INPUT FOR THIS TASK:
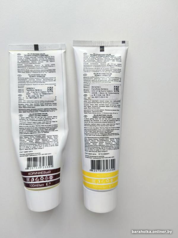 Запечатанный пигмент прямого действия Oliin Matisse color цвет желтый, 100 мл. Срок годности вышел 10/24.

---

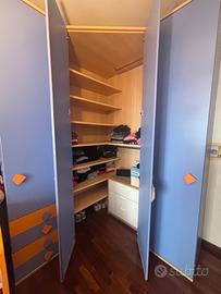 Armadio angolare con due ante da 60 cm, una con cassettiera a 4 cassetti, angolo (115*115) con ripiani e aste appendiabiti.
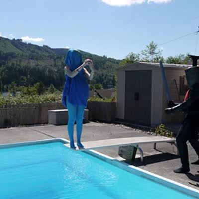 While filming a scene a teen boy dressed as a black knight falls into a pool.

YOUR OBJECTIVE:
Restate word for word the lines of the data above that begin at the line with "Armadio angolare con" and end at the line with "While filming a", keeping both ends and dropping every picture.

RESPONSE TO THIS TASK:
 Armadio angolare con due ante da 60 cm, una con cassettiera a 4 cassetti, angolo (115*115) con ripiani e aste appendiabiti.
 While filming a scene a teen boy dressed as a black knight falls into a pool.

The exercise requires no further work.